4. Le rôle de la MdT dans le traitement des structures syntaxiques complexes

En plus d’avoir établi une échelle de complexité syntaxique, Jakubowicz (2011) fait l’hypothèse que le développement de la syntaxe serait en fait lié aux capacités de MdT. Dans ses travaux, elle développe l’idée que la MdT serait particulièrement nécessaire au traitement des phrases complexes, dans la mesure où, il faut retenir de l’information tout en réajustant ses connaissances au fur et à mesure de l’avancée dans la phrase. Par exemple, pour comprendre cette phrase relative objet « montre-moi le chien que le monsieur promène », il faut tout d’abord traiter l’objet (« le chien »), le retenir en mémoire pendant qu’on traite les autres éléments de la phrase, puis enfin, rassembler toutes les informations en reliant correctement le verbe à chacun de ses arguments (Finney, Montgomery, Gillam, & Evans, 2014). On peut aussi comprendre l’intervention de la MdT dans la production du pronom clitique objet à la 3ème personne car pour produire correctement le pronom il faut garder en mémoire les propriétés grammaticales du référent (le genre, le nombre…), tout en réalisant un mouvement syntaxique pour placer le pronom avant le verbe.

Toutes ses activités de traitement et de mise à jour perpétuelle impliquées dans le traitement des phrases complexes causent une charge cognitive importante. C’est pourquoi, les jeunes enfants typiques et les enfants avec un développement atypique commencent par traiter des phrases simples et courtes afin d’éviter la surcharge cognitive. Puis, avec la maturité, les capacités de MdT augmentent et permettent à l’enfant typique de réaliser davantage d’opérations syntaxiques en parallèle pour comprendre et produire les structures du français de plus en plus complexes (Delage & Frauenfelder, 2012 ; Delage et al., soumis). Cependant, chez l’enfant atypique, ce développement peut être perturbé.

Plusieurs auteurs se sont donc intéressés plus particulièrement à cette question et ont pu justement relever des liens entre la MdT et la syntaxe dans plusieurs populations – à la fois chez les enfants typiques et chez les enfants atypiques, avec notamment un trouble développemental du langage (TDL).

4.1 Relation entre la MdT et la syntaxe chez les enfants avec un développement typique (DT)

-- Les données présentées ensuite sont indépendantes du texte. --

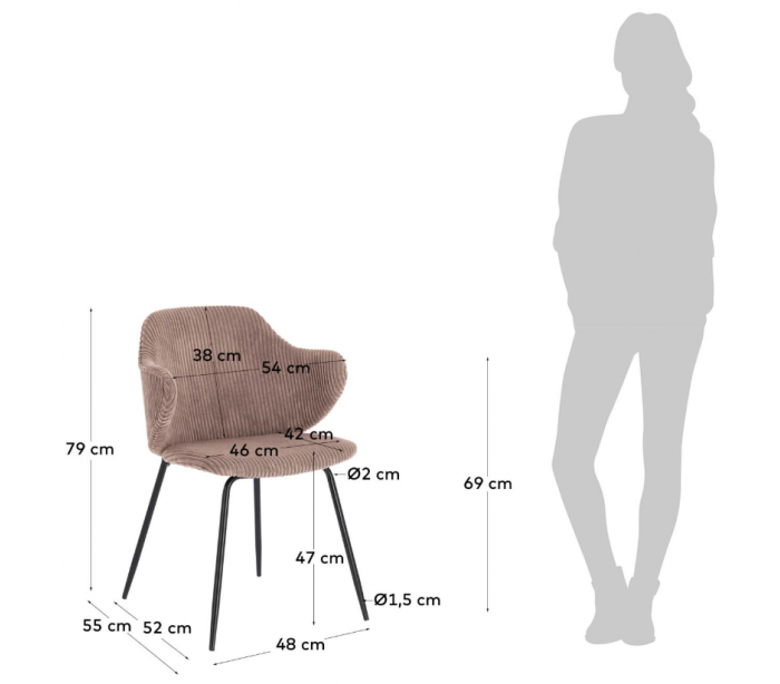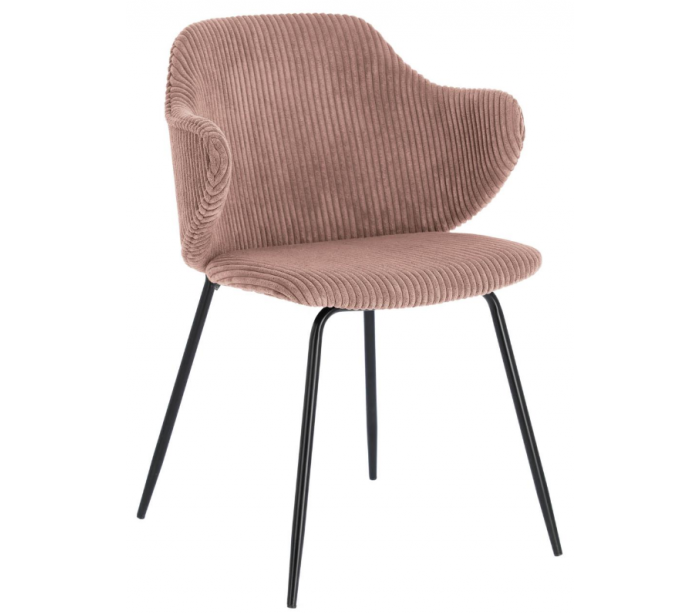 Spisebordsstol i et design fra LaForma. Stolen er fremstillet i pink velour ripcurl og med stel i sortlakeret stål. Stolen måler 79 cm i højden over ryggen og 54 x 55 cm i bredde og dybde.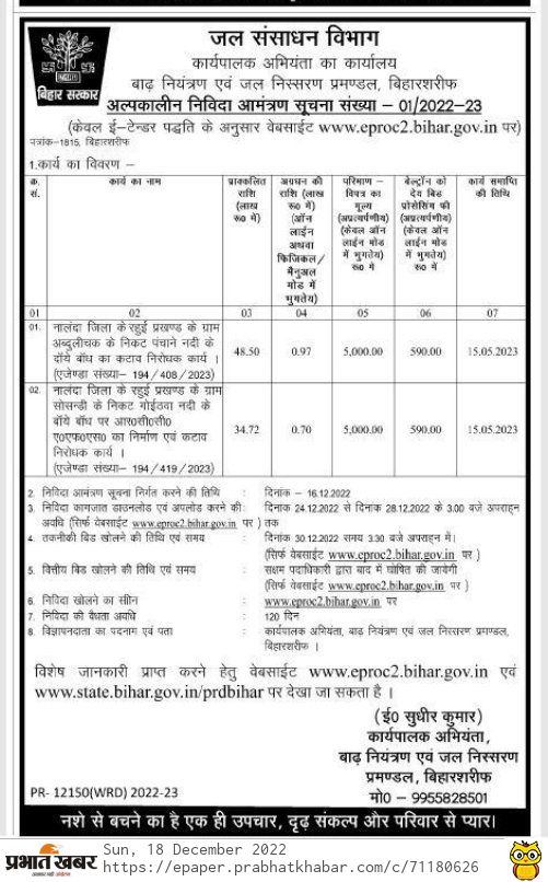 Tender for Anti-erosion work of right dam of Panchane river near village Abdulichak of Rahui block of Nalanda district. (Agenda Number- 194 / 408 / 2023)

La littérature scientifique a mis en évidence un lien entre la MdT et la syntaxe chez les enfants DT. En effet, déjà chez les très jeunes enfants, les études ont montré un effet positif de la répétition de non-mots sur la répétition de phrases complexes (Willis & Gathercole, 2001) et sur la longueur et la complexité syntaxique du langage spontané des enfants (Adams &

Gathercole, 2000).

Ce lien continue à se maintenir au cours du développement typique, comme l’ont montré Finney et al. (2014) dans leur étude sur des enfants entre 7 et 11 ans (N = 54), chez qui, ils ont mis en évidence un lien positif entre leurs performances dans une tâche de listening span et une tâche syntaxique de compréhension de phrases relatives objet. Montgomery, Magimairaj et O’Malley (2008) ont également démontré la présence d’une corrélation entre le traitement des structures complexes et la MdT chez des enfants entre 6 et 12 ans (N = 52). Cependant, ces derniers sont allés plus loin et ont cherché à comparer les valeurs corrélationnelles des épreuves d’empans simples sur la compréhension de phrases complexes par rapport aux épreuves d’empans complexes. Les résultats ont montré qu’il y avait seulement un lien entre les épreuves d’empans complexes et la compréhension de phrases complexes mais pas avec les épreuves d’empans simples. De plus, des analyses de régression ont révélé que 30% de la variance de la compréhension syntaxique pouvait s’expliquer par les empans complexes. Delage et Frauenfelder (2012) ont montré quant à eux, chez des enfants francophones entre 6 et 12 ans, que les épreuves d’empans simples et d’empans complexes corrélaient avec plusieurs mesures évaluant la complexité syntaxique (répétition de phrases complexes, compréhension de phrases complexes, longueur moyenne des énoncés, taux de subordination, taux d’enchâssement profond). En plus des liens corrélationnels retrouvés entre les capacités en MdT et en syntaxe, cette étude a aussi soulevé l’existence d’un fort lien prédictif entre ces deux composants. En effet, ces auteurs ont trouvé que les empans complexes pouvaient prédire 49% de la variance des performances en compréhension de phrases complexes, 30% de la variance de la longueur moyenne des énoncés (LME), 16% de la variance du taux de subordination et 18% de la variance du taux d’enchâssements profonds. Concernant les empans simples, ils pouvaient expliquer 50% de la variance des scores en répétition de phrases complexes.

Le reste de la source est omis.